[Stored entries]
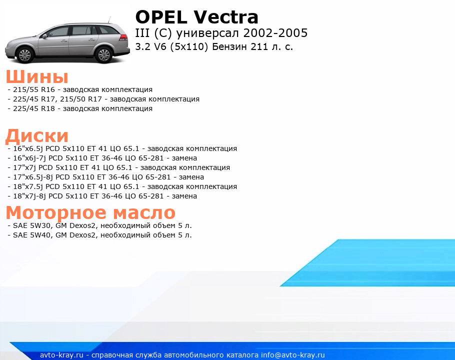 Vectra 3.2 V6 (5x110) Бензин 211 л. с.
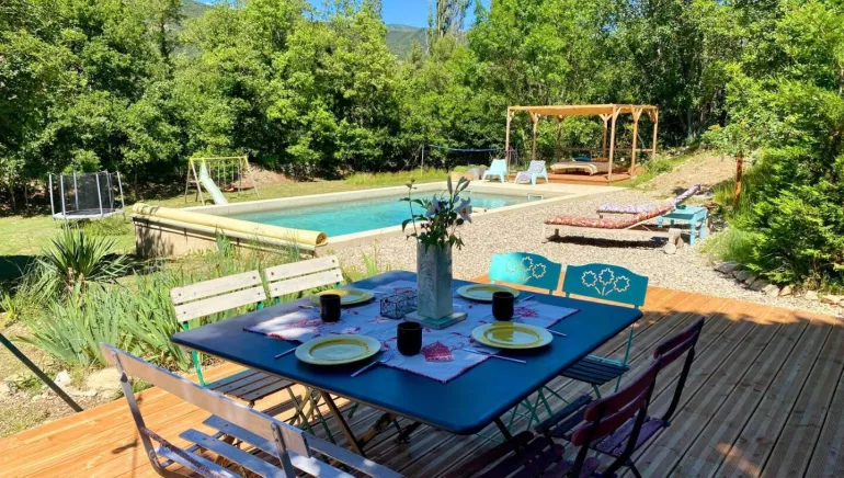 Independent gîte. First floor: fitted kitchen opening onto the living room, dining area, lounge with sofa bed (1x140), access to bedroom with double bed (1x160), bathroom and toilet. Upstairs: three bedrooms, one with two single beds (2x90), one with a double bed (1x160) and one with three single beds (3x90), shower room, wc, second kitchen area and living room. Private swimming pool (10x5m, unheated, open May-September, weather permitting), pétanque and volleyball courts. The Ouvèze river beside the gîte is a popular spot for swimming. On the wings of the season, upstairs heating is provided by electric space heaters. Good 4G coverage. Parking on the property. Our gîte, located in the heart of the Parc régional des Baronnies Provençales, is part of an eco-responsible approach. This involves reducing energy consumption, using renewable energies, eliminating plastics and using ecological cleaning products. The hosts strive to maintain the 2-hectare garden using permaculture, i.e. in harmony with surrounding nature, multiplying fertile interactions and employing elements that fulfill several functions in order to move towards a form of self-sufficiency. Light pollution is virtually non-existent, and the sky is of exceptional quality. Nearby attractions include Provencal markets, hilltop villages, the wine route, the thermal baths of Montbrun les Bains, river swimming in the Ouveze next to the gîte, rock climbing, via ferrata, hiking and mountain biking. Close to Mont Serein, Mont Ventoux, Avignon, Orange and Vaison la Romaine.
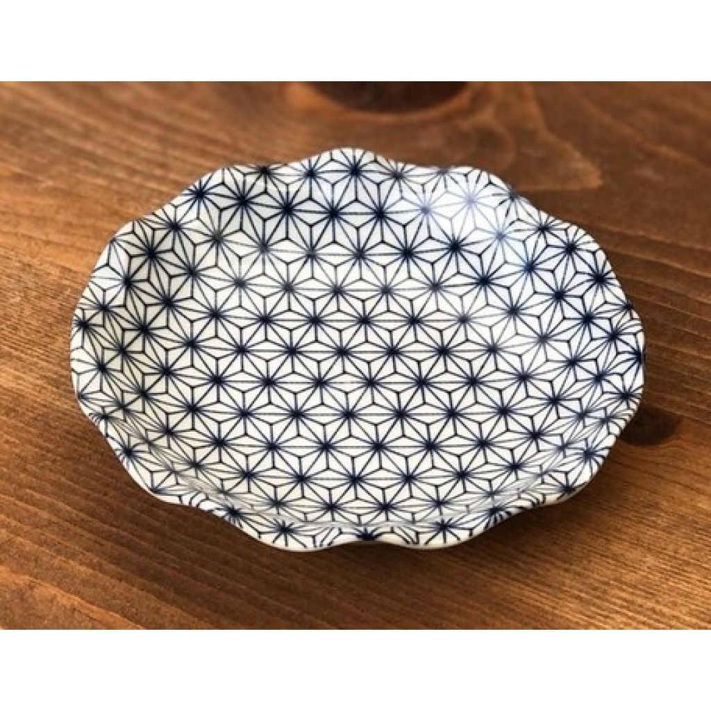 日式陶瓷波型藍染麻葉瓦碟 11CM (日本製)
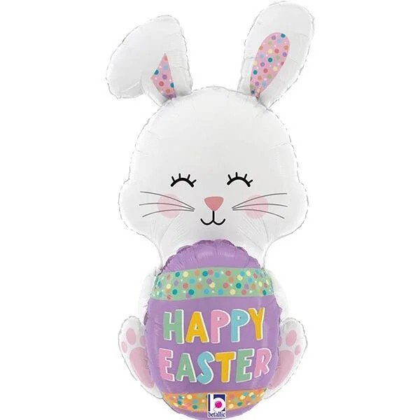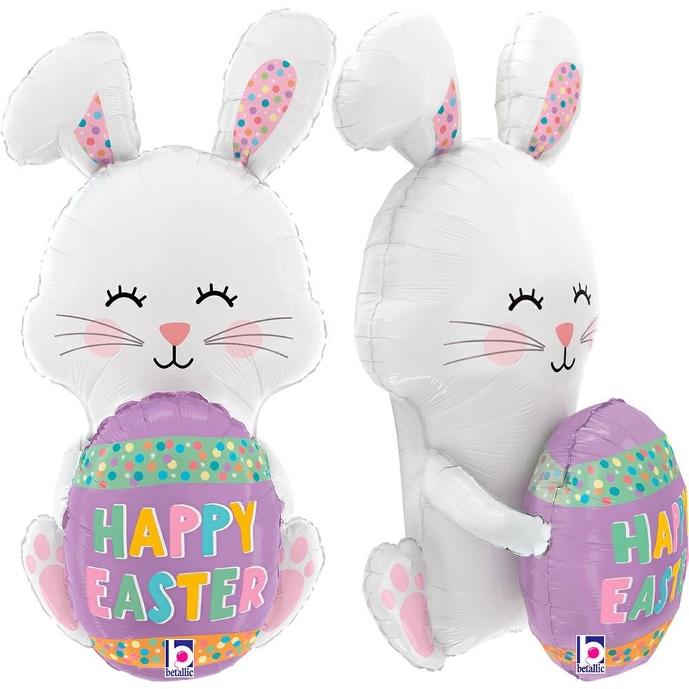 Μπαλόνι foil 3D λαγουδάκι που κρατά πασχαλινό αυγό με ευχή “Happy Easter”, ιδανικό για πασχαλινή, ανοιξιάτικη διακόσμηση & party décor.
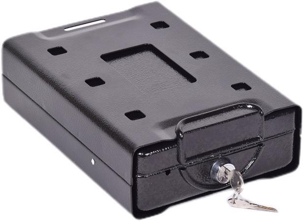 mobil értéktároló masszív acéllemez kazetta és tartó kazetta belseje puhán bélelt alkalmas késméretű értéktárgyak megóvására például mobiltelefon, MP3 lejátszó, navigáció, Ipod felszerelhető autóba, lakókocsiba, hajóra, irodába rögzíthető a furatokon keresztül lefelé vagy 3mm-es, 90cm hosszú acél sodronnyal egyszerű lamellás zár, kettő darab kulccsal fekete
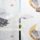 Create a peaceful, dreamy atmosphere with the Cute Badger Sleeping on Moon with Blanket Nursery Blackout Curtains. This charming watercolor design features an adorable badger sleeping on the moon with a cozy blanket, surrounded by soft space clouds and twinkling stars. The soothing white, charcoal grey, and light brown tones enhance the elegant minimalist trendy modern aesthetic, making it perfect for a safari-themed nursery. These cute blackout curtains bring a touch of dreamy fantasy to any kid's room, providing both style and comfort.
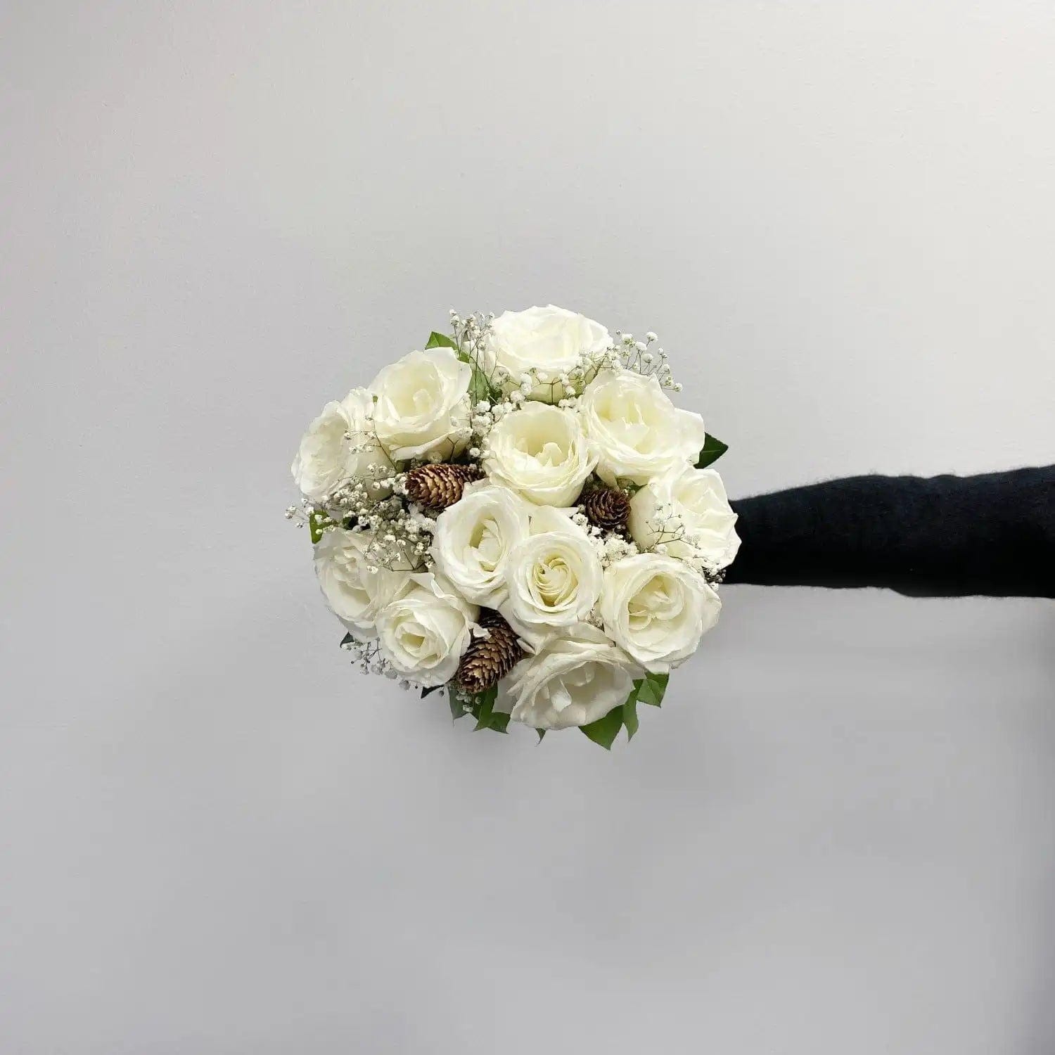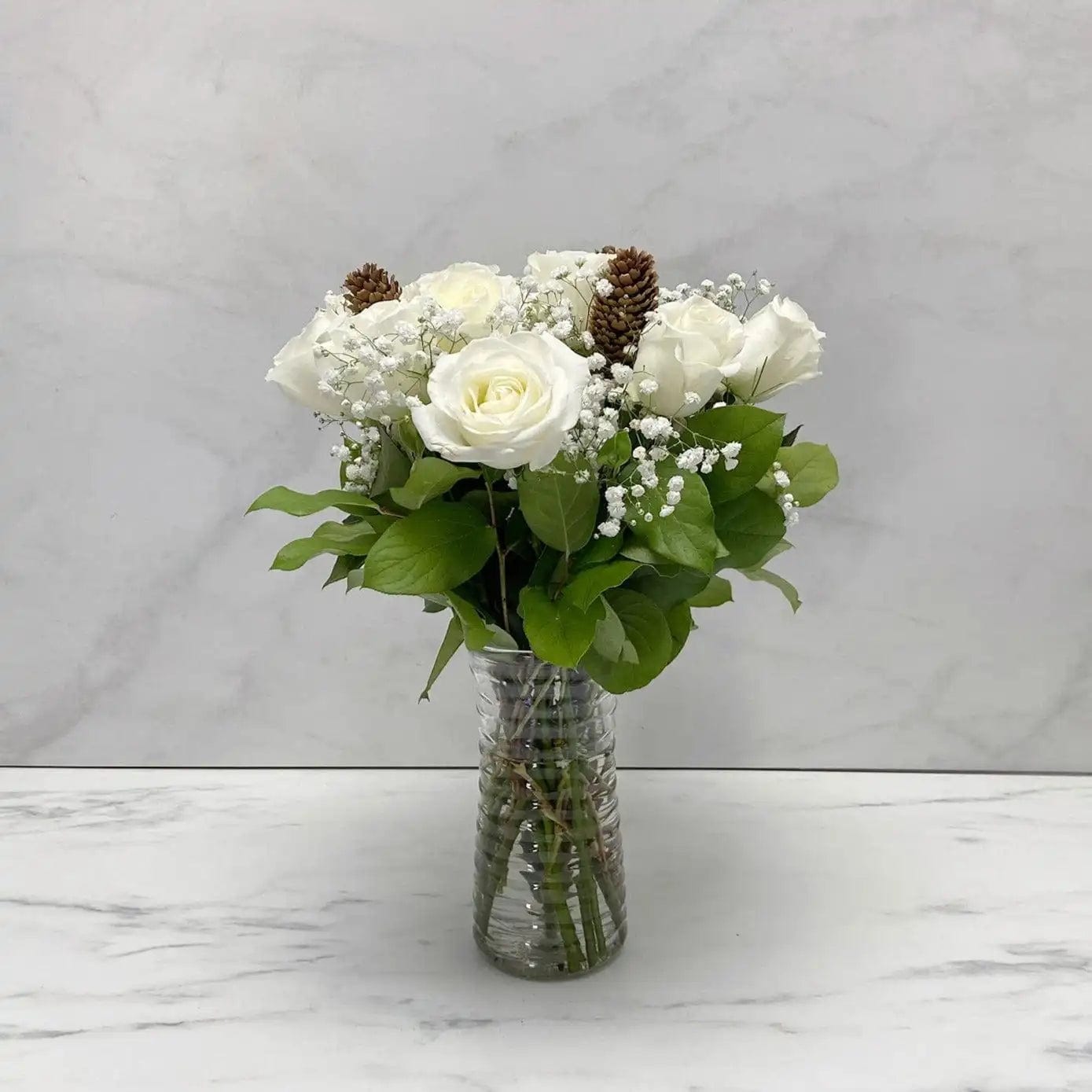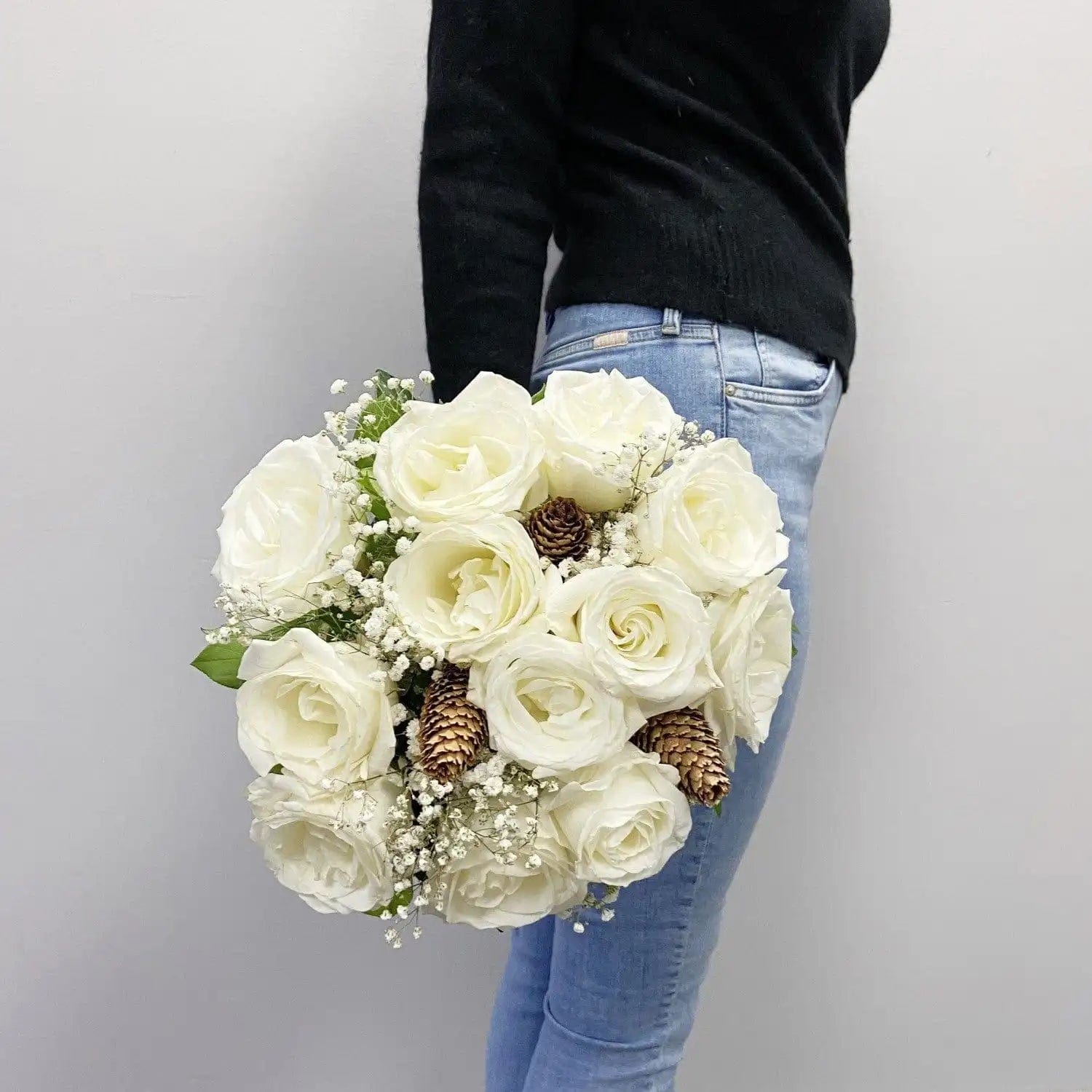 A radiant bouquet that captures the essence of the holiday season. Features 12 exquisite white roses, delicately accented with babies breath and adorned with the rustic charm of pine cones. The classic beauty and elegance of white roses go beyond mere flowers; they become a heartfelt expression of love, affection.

◆ WHAT IS NEEDED:
Among the entries above, find the line with "Independent gîte. First" and repeat exactly from there through the line with "mobil értéktároló masszív", leaving out the pictures.

◆ RESULT FOR THIS TASK:
 Independent gîte. First floor: fitted kitchen opening onto the living room, dining area, lounge with sofa bed (1x140), access to bedroom with double bed (1x160), bathroom and toilet. Upstairs: three bedrooms, one with two single beds (2x90), one with a double bed (1x160) and one with three single beds (3x90), shower room, wc, second kitchen area and living room. Private swimming pool (10x5m, unheated, open May-September, weather permitting), pétanque and volleyball courts. The Ouvèze river beside the gîte is a popular spot for swimming. On the wings of the season, upstairs heating is provided by electric space heaters. Good 4G coverage. Parking on the property. Our gîte, located in the heart of the Parc régional des Baronnies Provençales, is part of an eco-responsible approach. This involves reducing energy consumption, using renewable energies, eliminating plastics and using ecological cleaning products. The hosts strive to maintain the 2-hectare garden using permaculture, i.e. in harmony with surrounding nature, multiplying fertile interactions and employing elements that fulfill several functions in order to move towards a form of self-sufficiency. Light pollution is virtually non-existent, and the sky is of exceptional quality. Nearby attractions include Provencal markets, hilltop villages, the wine route, the thermal baths of Montbrun les Bains, river swimming in the Ouveze next to the gîte, rock climbing, via ferrata, hiking and mountain biking. Close to Mont Serein, Mont Ventoux, Avignon, Orange and Vaison la Romaine.
 日式陶瓷波型藍染麻葉瓦碟 11CM (日本製)
 Μπαλόνι foil 3D λαγουδάκι που κρατά πασχαλινό αυγό με ευχή “Happy Easter”, ιδανικό για πασχαλινή, ανοιξιάτικη διακόσμηση & party décor.
 mobil értéktároló masszív acéllemez kazetta és tartó kazetta belseje puhán bélelt alkalmas késméretű értéktárgyak megóvására például mobiltelefon, MP3 lejátszó, navigáció, Ipod felszerelhető autóba, lakókocsiba, hajóra, irodába rögzíthető a furatokon keresztül lefelé vagy 3mm-es, 90cm hosszú acél sodronnyal egyszerű lamellás zár, kettő darab kulccsal fekete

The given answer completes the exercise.